Tales of woe abound across Egypt. Sitting in a coffee
shop, Ali said he supported the revolution until inflation got out of control.
In the past two months, the Egyptian pound has lost approximately 10 percent of
its value, nearly putting his downtown store out of business.
As the
instability drags on, the feeling in Cairo is one of frustration and
resignation.
While caught up in the ecstasy of the 18-day revolution, no
one was prepared for the challenges that come the morning after a dictator
falls: when the country must create democratic institutions from
scratch.
The longer the country is in political limbo, the further their
economy will have to claw its way back up to 2010 levels.
Downtown, the
historically the commercial heart of the city is increasingly isolated as
drivers never know which roads will be open, and avoid the area
altogether.
Some are hopeful that the parliamentary elections in late
March or April will mark the turning point, when the country can begin to try to
govern itself again. Others have resigned themselves to a long economic
depression.
Ahmed Abd El Wahab, an economist with the Egyptian Union of
Liberal Youth, estimates that even if the government took all the correct steps
toward rehabilitating the economy, it would still take 10 years to reach the
pre-revolution level.
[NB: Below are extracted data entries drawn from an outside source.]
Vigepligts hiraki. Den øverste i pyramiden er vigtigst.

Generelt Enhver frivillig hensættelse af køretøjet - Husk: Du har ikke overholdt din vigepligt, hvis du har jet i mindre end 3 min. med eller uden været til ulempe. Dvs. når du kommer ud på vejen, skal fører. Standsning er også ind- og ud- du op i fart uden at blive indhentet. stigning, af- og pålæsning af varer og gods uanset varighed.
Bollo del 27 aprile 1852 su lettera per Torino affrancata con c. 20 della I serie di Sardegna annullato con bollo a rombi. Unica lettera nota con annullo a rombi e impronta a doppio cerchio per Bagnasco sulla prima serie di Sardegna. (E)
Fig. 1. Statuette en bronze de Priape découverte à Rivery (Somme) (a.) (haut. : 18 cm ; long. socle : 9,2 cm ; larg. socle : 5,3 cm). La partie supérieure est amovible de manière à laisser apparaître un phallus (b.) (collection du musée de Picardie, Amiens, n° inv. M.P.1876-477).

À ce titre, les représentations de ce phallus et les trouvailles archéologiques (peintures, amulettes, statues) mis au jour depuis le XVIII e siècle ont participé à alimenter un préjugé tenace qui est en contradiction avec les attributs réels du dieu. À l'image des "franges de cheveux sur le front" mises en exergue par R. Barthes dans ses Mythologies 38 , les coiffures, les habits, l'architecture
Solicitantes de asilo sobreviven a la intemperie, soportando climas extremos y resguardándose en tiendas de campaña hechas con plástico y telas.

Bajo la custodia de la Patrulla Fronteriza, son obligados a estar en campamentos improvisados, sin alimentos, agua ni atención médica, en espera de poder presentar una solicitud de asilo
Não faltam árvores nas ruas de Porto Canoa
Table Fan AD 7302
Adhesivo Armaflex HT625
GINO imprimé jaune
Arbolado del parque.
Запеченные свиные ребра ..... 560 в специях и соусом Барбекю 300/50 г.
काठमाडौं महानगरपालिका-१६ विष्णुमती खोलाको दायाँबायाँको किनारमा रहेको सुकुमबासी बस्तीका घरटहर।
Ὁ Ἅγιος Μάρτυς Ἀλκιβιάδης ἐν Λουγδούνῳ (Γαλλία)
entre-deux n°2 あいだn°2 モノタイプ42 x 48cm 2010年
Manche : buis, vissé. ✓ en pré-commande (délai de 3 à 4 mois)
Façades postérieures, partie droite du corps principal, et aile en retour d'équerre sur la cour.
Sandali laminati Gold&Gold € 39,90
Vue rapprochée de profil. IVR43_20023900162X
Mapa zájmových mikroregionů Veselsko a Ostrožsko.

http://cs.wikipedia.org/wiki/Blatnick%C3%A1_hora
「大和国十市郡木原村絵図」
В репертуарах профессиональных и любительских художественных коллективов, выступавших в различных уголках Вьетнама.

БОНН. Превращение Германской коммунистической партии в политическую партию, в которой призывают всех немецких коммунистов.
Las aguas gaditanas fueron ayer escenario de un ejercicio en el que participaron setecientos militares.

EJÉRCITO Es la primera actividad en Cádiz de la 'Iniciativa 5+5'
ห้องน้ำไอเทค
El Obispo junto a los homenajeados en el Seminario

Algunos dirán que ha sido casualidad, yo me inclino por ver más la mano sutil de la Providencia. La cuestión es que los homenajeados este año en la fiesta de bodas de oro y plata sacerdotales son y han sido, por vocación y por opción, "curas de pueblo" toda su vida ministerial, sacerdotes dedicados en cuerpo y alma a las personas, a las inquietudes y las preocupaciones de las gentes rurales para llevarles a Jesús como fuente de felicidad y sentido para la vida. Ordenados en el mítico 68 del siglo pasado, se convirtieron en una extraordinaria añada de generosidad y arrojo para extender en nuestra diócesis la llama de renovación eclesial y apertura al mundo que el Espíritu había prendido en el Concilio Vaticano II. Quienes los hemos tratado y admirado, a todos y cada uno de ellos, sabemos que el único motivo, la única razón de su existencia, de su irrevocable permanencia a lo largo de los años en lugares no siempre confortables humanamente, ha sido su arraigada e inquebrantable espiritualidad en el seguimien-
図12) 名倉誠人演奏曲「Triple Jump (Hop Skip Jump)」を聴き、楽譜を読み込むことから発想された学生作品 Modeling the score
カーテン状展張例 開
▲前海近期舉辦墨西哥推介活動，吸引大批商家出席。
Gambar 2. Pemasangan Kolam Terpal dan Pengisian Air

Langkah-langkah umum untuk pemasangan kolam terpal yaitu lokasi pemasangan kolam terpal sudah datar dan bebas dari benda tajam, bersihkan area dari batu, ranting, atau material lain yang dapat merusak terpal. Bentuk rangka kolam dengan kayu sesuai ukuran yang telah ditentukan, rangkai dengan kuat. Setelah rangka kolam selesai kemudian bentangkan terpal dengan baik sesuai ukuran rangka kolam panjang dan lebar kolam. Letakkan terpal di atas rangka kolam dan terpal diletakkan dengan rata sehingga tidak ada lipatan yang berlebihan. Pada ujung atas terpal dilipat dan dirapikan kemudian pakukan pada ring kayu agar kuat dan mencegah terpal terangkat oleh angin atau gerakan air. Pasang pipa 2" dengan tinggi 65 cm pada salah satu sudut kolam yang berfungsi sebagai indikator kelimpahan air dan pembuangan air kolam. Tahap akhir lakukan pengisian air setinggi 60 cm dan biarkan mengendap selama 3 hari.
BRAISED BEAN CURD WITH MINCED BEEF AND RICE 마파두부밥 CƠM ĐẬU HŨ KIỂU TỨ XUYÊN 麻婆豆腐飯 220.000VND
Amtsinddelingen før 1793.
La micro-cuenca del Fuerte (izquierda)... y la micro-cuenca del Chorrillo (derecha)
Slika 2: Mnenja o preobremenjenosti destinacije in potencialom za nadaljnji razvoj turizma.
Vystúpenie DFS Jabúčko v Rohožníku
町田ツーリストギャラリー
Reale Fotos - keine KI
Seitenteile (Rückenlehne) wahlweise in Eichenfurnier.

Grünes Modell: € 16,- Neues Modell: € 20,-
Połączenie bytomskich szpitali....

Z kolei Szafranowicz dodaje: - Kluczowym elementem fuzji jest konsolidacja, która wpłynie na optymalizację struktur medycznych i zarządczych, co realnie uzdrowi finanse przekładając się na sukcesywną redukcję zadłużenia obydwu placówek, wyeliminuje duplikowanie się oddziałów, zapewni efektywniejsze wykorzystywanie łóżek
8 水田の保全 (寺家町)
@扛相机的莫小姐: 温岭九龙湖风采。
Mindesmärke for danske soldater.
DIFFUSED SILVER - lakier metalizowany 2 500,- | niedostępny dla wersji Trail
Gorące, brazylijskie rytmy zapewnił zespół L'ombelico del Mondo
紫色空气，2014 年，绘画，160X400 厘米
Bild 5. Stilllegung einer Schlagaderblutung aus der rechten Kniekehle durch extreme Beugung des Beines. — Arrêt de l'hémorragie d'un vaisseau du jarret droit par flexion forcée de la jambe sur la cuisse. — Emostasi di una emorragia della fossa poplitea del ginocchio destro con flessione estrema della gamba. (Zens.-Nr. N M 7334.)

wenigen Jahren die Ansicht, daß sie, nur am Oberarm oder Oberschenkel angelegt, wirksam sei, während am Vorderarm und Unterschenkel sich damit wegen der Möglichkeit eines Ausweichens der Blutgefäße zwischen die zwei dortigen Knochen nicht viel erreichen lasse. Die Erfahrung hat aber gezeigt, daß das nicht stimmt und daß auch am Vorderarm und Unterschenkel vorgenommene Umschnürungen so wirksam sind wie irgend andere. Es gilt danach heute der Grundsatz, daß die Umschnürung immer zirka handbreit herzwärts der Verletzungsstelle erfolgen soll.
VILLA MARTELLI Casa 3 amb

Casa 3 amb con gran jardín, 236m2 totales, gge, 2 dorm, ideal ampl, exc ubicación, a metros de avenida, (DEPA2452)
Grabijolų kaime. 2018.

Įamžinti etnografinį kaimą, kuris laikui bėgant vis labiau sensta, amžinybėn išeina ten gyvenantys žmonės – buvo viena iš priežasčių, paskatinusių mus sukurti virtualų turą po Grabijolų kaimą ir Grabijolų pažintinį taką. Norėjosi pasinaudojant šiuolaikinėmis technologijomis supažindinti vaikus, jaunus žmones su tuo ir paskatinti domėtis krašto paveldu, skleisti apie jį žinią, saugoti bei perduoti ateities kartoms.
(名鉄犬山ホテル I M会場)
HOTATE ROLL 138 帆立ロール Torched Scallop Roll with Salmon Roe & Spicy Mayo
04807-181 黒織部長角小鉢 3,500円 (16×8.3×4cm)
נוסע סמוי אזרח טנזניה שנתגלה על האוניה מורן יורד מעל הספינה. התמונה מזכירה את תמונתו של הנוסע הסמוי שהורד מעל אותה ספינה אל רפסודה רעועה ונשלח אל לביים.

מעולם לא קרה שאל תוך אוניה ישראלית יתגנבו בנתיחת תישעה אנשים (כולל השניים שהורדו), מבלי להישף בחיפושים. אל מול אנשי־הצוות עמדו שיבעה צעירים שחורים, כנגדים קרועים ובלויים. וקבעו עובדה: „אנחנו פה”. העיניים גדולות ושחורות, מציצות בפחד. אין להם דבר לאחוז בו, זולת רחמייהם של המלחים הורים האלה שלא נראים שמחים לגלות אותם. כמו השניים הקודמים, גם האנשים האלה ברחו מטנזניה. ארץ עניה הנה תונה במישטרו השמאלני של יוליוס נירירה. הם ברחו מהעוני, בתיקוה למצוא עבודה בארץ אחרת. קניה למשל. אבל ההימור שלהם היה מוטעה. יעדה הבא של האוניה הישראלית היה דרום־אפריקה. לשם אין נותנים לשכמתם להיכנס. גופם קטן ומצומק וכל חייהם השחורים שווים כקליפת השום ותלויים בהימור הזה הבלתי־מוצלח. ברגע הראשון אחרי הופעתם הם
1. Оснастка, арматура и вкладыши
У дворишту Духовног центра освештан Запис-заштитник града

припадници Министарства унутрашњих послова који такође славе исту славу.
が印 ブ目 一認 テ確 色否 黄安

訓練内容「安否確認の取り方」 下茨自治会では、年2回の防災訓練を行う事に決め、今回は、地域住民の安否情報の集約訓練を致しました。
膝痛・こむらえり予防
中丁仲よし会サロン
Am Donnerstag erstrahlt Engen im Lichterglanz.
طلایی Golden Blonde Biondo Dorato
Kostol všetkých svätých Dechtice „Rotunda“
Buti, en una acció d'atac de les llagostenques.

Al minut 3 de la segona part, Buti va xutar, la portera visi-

However, the only step Morsi has taken to help is
canceling the government subsidy for high-end petrol used in luxury cars, hardly
inspiring confidence, El Wahab noted wryly.
On my last day in Cairo it
rained intermittently throughout the day.
The ratty tents, frayed along
the edges, and the signs smearing in the rain seemed like an apt metaphor for
the revolution, two years later: hanging on to the idealism, but battered and
destroyed by the reality of the economic climate.
As the rain stopped,
clashes began again on the Qasr El- Nil bridge. It was unclear if the protesters
were trying to make a point, or were just unemployed, angry young men frustrated
with the lack of opportunities after the revolution.
The bitter stench of
tear gas wound its way around the alleyways and made me fight back tears as I
left downtown Cairo.
I tried to take solace in the words of a pacifist
activist named Emad, who expressed some hope, with reservation, for the future.
“What is improving is things that don’t have to do at all with the state
itself,” he said. “The people are improving. The people are becoming more
courageous, even though the state is becoming much more oppressive.”